С одной стороны, он стал следствием американской версии демократии с ее господством прав человека и гражданина, включая отмеченное А. Токвилем еще в начале 19 века неудержимое стремление создавать независимые ассоциации граждан. То есть всего того, что издавна укоренено в американском менталитете и в республиканской форме правления страной. С другой стороны, это был – если говорить о времени зарождения и бурного развития этого сектора (1945–1970) – часто непредвидимый, а для консерваторов и не всегда желанный результат, принятия федеральными властями различных, нередко несогласованных или противоречащих друг другу решений и правовых актов.
Эти меры стали необходимы, а часто и неизбежны, ибо были связаны, во-первых, с новой глобальной ролью США как лидера «свободного мира» в холодной войне с СССР, а во-вторых, с поддержанием внутренней стабильности, требовавшей от федерального правительства участия в состязании с СССР, включавшем не только гонку вооружений, но и социальных программ, постепенно превращавших Америку в «государство социального благополучия».
Вряд ли поэтому удивительно, что одним из наиболее известных результатов деятельности бесприбыльных организаций в тот период стало их активное участие в социальных движениях за права расовых и религиозных меньшинств, а также женщин. Вплоть до 1964 года финансируемые филантропическими фондами правозащитные организации независимого сектора безуспешно – из-за преобладания в Конгрессе делегатов южных штатов и консерваторов с севера – добивались отмены расовой сегрегации и полного распространения Билля о правах на афроамериканцев – прежде всего, на Юге. В консервативной защите расового неравенства слабым звеном оказался Верховный суд, в состав которого за время 20-летнего правления президента Рузвельта и демократической партии было проведено несколько либерально мыслящих судей. В результате их правовой активности Верховный суд принял ряд новаторских решений-прецедентов по гражданским правам, превративших их в конституционную проблему.

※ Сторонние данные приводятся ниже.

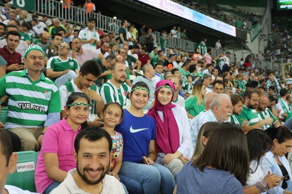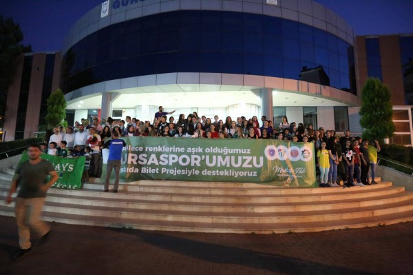 “Ailece renklerine aşık olduğumuz Bursasporumuz’u Askıda Bilet Projesiyle Destekliyoruz” yazılı pankartla Bursaspor – Beşiktaş maçını izleyen gençler, sahada futbol izleme keyfini yaşadı.
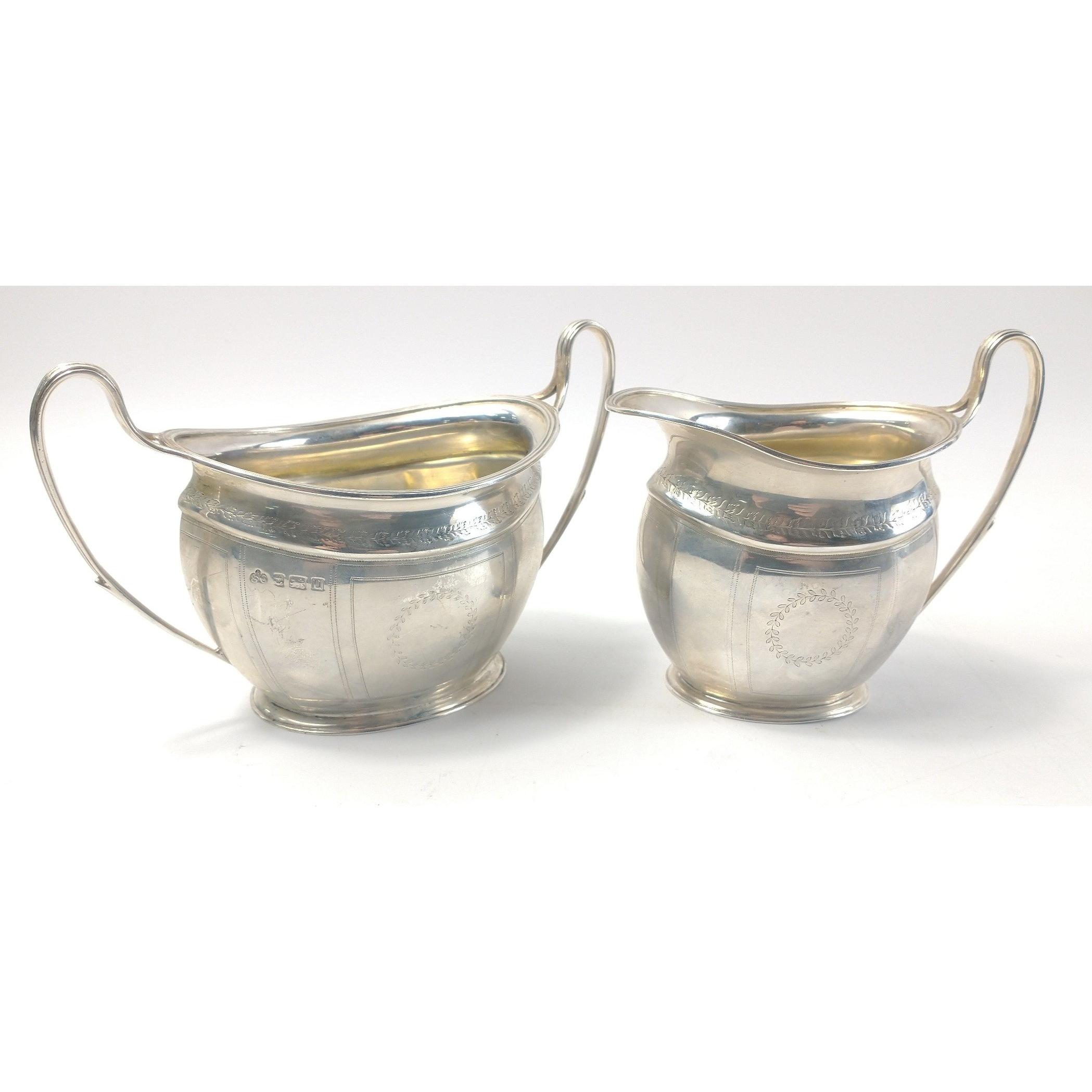 A hallmarked silver, Birmingham 1919, milk jug and sugar bowl by ELKINGTON with laurel wreath decoration, weight 480g approxApprox 2 pieces

Эти прецеденты и были с помощью ряда коллективных исков (class actions) использованы бесприбыльными организациями в качестве мощного оружия, позволившего им стать влиятельными участниками политического процесса в стране. Пользуясь этим юридическим оружием, правозащитные организации третьего сектора организовали в 50—60-е годы мощное социальное движение за равенство в гражданских правах чернокожих американцев, женщин и других ущемленных в правах граждан.
В 1954 году Верховный суд в решении по групповому иску «Браун и другие против Совета по образованию г. Топека» (Brown at al. v. Board of Education of Topeka) признал противоречащим Конституции раздельное обучение чернокожих и белых школьников. Вслед за этим знаменитым правовым актом развернулось массовое движение за гражданские права как чернокожих американцев, так и других дискриминируемых меньшинств. В течении последующих 10 лет активность этого движения неуклонно нарастала. Она проявлялась в массовых акциях протеста, вплоть до подавляемых полицией и войсками городских бунтов, в многочисленных правовых баталиях в судах всех уровней, в острых дебатах в Конгрессе и Ассамблеях штатов и в прессе всех видов.
Эта массовая активность привела в 1964 году к трудному принятию Конгрессом (после 75-дневной обструкции оппозиции) знаменитого Закона о гражданских правах (Civil Rights Act of 1964). Борьба за его реальное претворение в жизнь продолжалась еще долго и вряд ли привела бы к успеху без давления организаций независимого сектора.
***
Историки отмечают, что логика и практика «конституциализации» расового неравенства, то есть использования аргумента его противоречия Конституции США, легли в основу всех последующих движений за равенство ущемленных в правах социальных групп. Таких как женщины, старики, инвалиды, в особенности психически неполноценные люди, геи и лесбиянки. Судебные процессы и политические акции, затеянные этими группами через базирующиеся в Вашингтоне и поддерживаемые филантропами бесприбыльные организации, неузнаваемо трансформировали социальную политику государства второй половины 20 века.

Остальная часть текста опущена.